Il Tribunale di Benevento, accogliendo le tesi dell’Avvocato Vittorio Fucci e dell’Avvocato Daniela Martino. ha assolto una 39enne di Apice, accusata di furto di 20 mila pluriaggravato dalle circostanze di aver agito con destrezza, di aver cagionato un danno patrimoniale di rilevante gravità e di aver abusato della propria qualità di cassiera, in danno della titolare dell’attività commerciale, costituitasi parte civile e assistita dall’Avvocato Elena Cosina.
Secondo la Pubblica Accusa, adoperatasi a seguito della querela della titolare dell’esercizio commerciale, la 39enne, al fine di trarne profitto, si sarebbe impossessate dell’incasso delle vendite di sigarette e consumazioni, nonché di alcuni gratta e vinci, cagionando all’azienda un grave danno patrimoniale di circa 20mila euro, abusando della propria qualità di cassiera dell’ esercizio commerciale e compiendo i fatti con la destrezza consistita nell’eludere le telecamere di videosorveglianza.
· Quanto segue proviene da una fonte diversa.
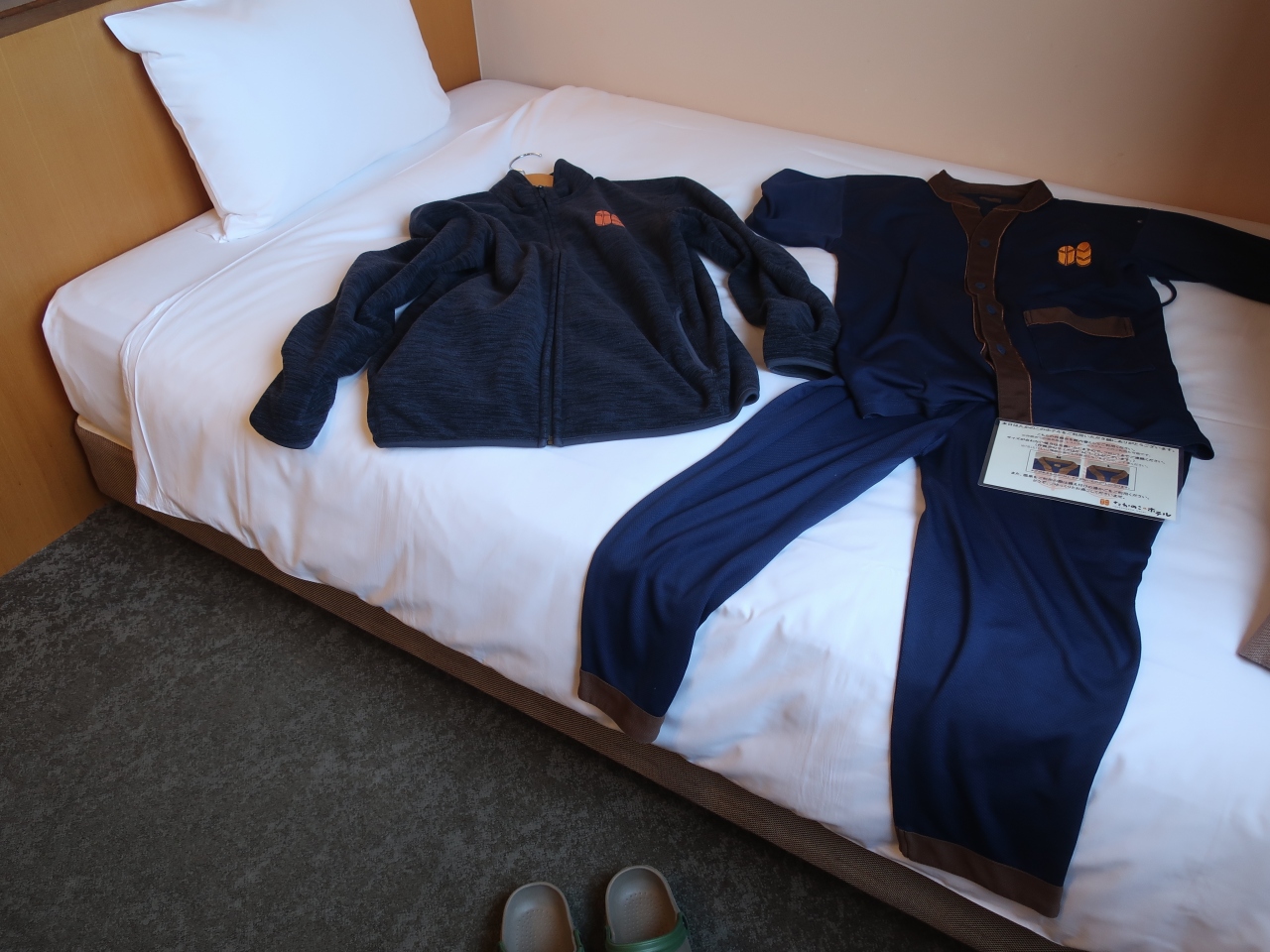 大浴場は2階から、男性は3階への、女性は1階への階段を使います。タオル等は大浴場に備え付けで、部屋から持っていく必要がなく、手ぶらで行くことができるのが楽ちんでした。

In particolare, sempre secondo l’accusa, la 39enne:
1)Ometteva di versare gli introiti in cassa, ma li lasciava sul bancone, sulla cassa o in altre zone non attenzionate, per poi riportarli nel proprio portafogli;
2) Provvedeva a riportare nel registratore di cassa importi minori rispetto agli scontrini fiscali rilasciati;
3) Digitava sulla cassa la voce “cambio monete”, anziché scontrino fiscale.
Il Tribunale di Benevento, accogliendo le tesi dell’Avvocato Vittorio Fucci e dell’Avvocato Daniela Martino, ha assolto la 39enne di Apice.